- _Required action_
Exact copies of the lines below, from the one with "淘特官方版是一款为广大用户量" up to and including the one with "Nova stickad cardigan med fickor espresso", are what this calls for; leave out pictures.

- _Listed entries_
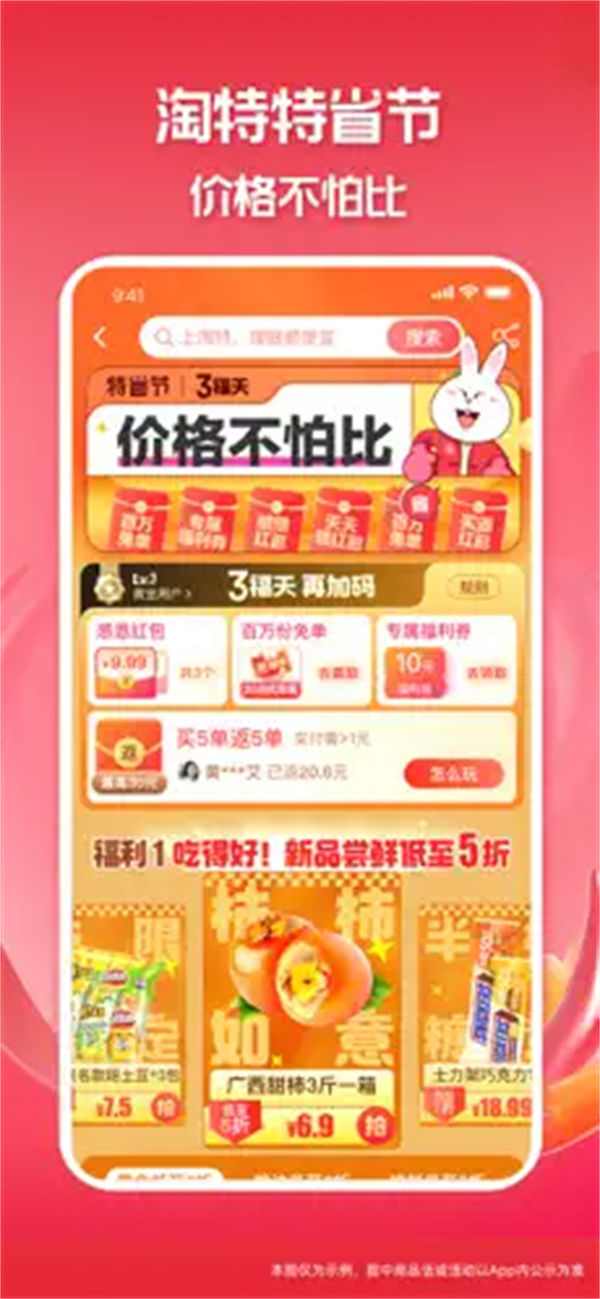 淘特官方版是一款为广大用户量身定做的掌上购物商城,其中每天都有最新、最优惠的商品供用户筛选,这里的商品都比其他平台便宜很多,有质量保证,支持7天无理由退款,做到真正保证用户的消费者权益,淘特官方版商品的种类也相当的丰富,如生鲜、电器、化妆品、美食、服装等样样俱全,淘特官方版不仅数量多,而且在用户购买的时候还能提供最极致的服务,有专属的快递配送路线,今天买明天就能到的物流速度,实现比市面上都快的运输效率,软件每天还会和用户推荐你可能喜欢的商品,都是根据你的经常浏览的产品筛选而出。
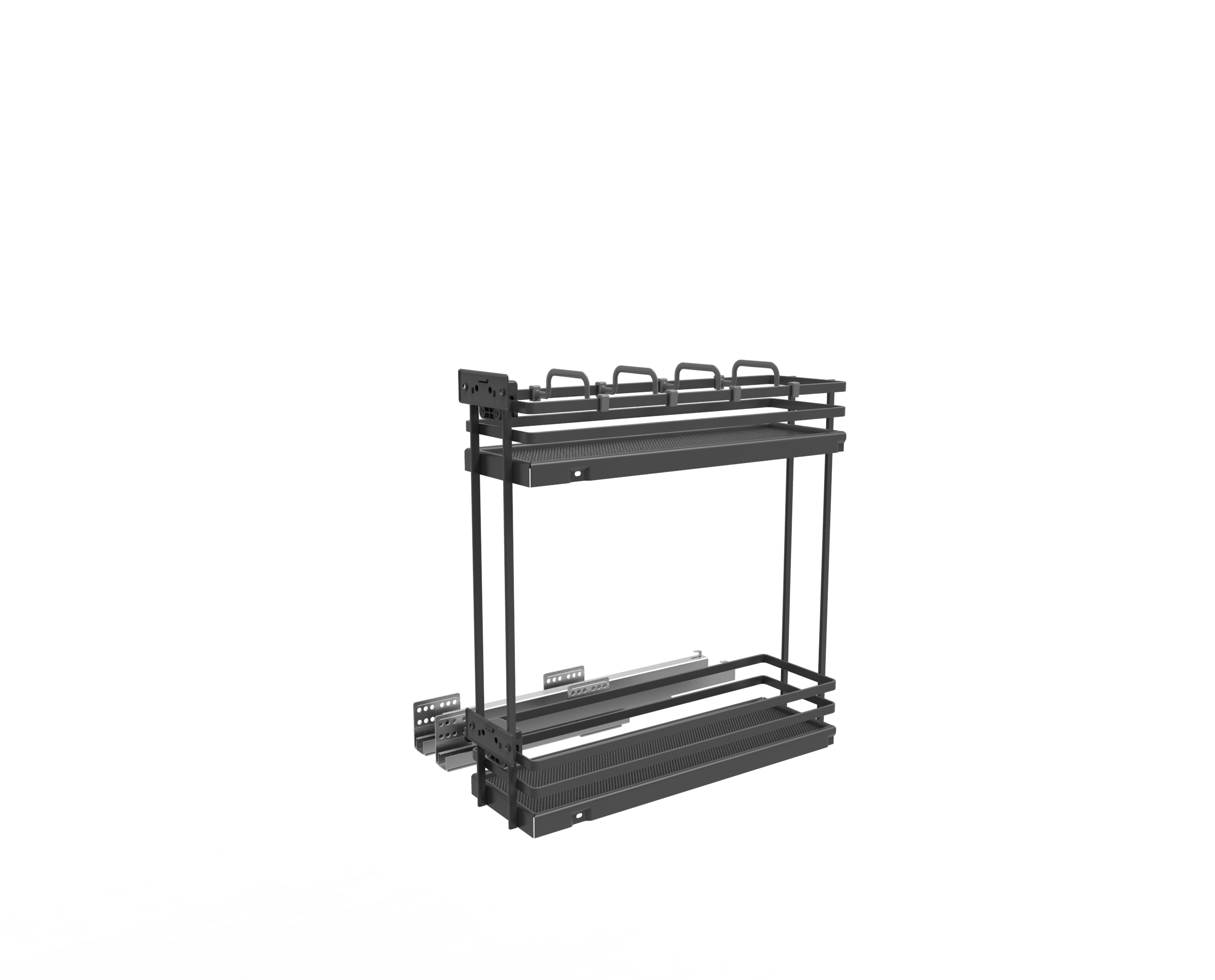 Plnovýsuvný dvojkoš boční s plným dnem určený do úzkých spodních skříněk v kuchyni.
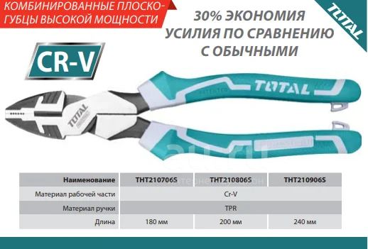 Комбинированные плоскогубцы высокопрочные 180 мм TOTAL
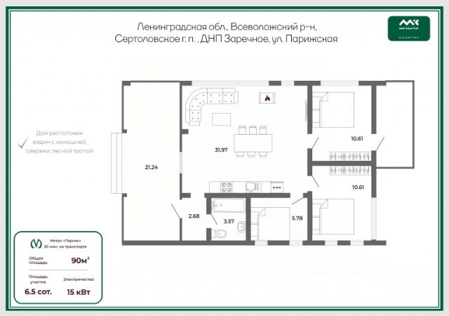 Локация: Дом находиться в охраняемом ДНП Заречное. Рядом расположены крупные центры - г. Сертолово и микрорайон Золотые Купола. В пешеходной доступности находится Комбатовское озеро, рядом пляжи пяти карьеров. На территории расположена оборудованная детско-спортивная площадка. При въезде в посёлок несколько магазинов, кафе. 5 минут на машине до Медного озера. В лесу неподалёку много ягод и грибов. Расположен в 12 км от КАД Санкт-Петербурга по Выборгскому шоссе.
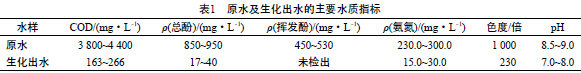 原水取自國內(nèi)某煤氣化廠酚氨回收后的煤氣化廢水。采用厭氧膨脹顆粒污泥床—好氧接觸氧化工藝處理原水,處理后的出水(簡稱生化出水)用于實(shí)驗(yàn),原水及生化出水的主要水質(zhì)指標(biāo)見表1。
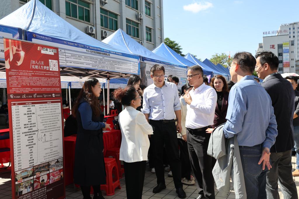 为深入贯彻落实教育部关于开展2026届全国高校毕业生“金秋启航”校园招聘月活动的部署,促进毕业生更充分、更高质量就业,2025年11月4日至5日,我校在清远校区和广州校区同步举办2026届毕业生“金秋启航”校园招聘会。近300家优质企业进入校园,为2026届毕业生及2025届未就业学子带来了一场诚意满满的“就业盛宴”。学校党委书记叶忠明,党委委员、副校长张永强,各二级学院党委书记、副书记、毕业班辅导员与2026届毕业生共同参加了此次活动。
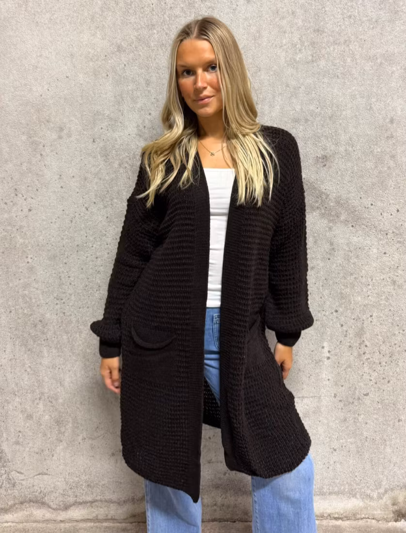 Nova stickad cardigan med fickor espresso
--
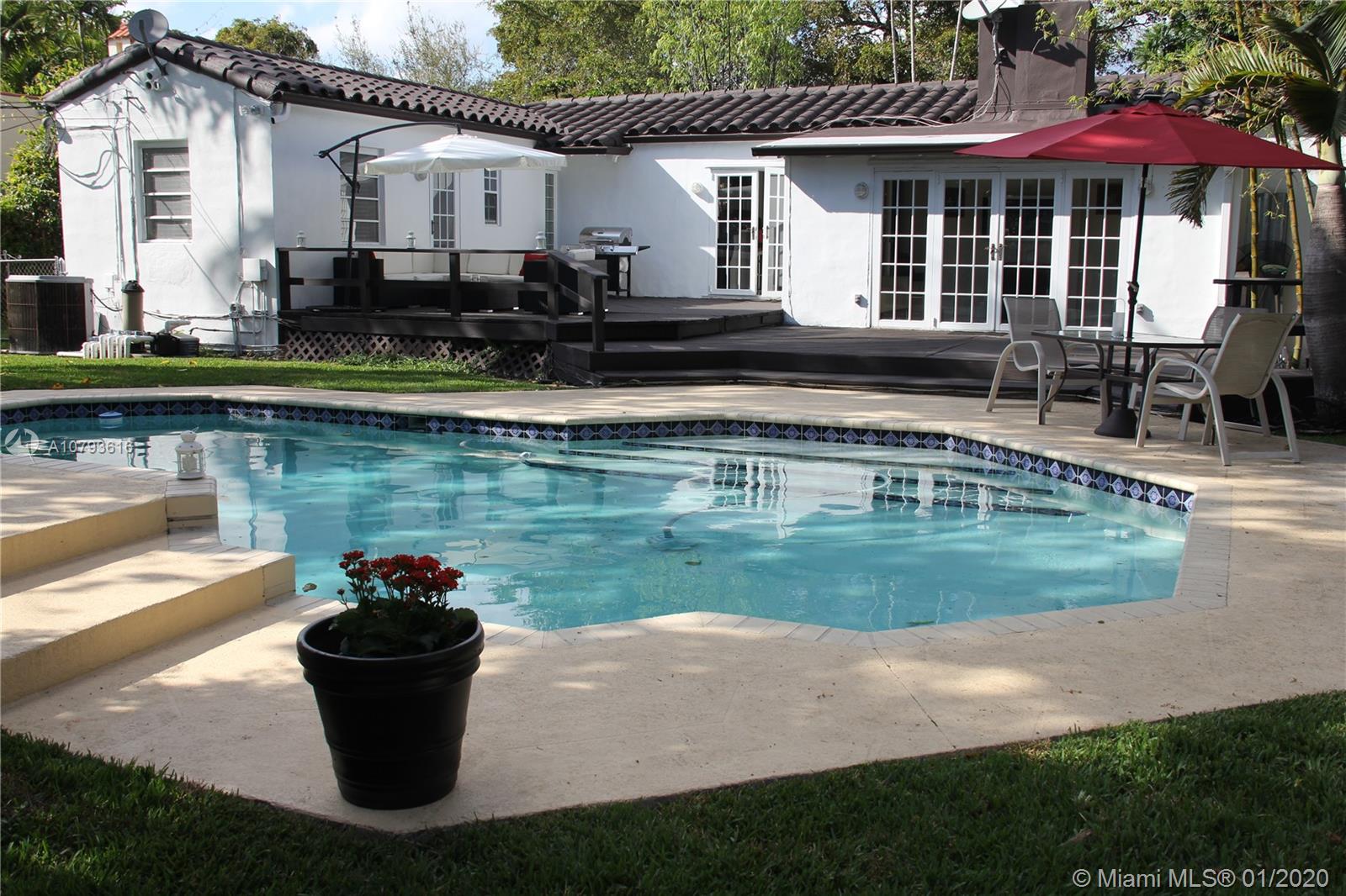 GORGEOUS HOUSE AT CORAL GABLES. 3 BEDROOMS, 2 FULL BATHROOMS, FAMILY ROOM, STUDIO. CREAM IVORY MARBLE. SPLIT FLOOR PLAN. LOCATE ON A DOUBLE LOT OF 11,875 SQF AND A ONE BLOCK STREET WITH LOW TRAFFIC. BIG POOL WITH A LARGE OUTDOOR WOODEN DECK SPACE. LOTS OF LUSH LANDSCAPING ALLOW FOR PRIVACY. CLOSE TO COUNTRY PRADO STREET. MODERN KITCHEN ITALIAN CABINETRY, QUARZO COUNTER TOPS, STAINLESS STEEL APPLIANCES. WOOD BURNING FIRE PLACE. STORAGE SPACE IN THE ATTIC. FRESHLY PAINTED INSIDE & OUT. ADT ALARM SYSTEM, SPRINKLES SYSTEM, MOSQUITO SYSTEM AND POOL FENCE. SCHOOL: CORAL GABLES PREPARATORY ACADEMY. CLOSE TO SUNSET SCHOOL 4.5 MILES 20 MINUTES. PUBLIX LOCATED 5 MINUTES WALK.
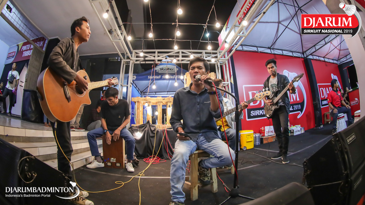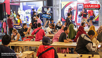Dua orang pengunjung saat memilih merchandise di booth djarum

- _Output_
 淘特官方版是一款为广大用户量身定做的掌上购物商城,其中每天都有最新、最优惠的商品供用户筛选,这里的商品都比其他平台便宜很多,有质量保证,支持7天无理由退款,做到真正保证用户的消费者权益,淘特官方版商品的种类也相当的丰富,如生鲜、电器、化妆品、美食、服装等样样俱全,淘特官方版不仅数量多,而且在用户购买的时候还能提供最极致的服务,有专属的快递配送路线,今天买明天就能到的物流速度,实现比市面上都快的运输效率,软件每天还会和用户推荐你可能喜欢的商品,都是根据你的经常浏览的产品筛选而出。
 Plnovýsuvný dvojkoš boční s plným dnem určený do úzkých spodních skříněk v kuchyni.
 Комбинированные плоскогубцы высокопрочные 180 мм TOTAL
 Локация: Дом находиться в охраняемом ДНП Заречное. Рядом расположены крупные центры - г. Сертолово и микрорайон Золотые Купола. В пешеходной доступности находится Комбатовское озеро, рядом пляжи пяти карьеров. На территории расположена оборудованная детско-спортивная площадка. При въезде в посёлок несколько магазинов, кафе. 5 минут на машине до Медного озера. В лесу неподалёку много ягод и грибов. Расположен в 12 км от КАД Санкт-Петербурга по Выборгскому шоссе.
 原水取自國內(nèi)某煤氣化廠酚氨回收后的煤氣化廢水。采用厭氧膨脹顆粒污泥床—好氧接觸氧化工藝處理原水,處理后的出水(簡稱生化出水)用于實(shí)驗(yàn),原水及生化出水的主要水質(zhì)指標(biāo)見表1。
 为深入贯彻落实教育部关于开展2026届全国高校毕业生“金秋启航”校园招聘月活动的部署,促进毕业生更充分、更高质量就业,2025年11月4日至5日,我校在清远校区和广州校区同步举办2026届毕业生“金秋启航”校园招聘会。近300家优质企业进入校园,为2026届毕业生及2025届未就业学子带来了一场诚意满满的“就业盛宴”。学校党委书记叶忠明,党委委员、副校长张永强,各二级学院党委书记、副书记、毕业班辅导员与2026届毕业生共同参加了此次活动。
 Nova stickad cardigan med fickor espresso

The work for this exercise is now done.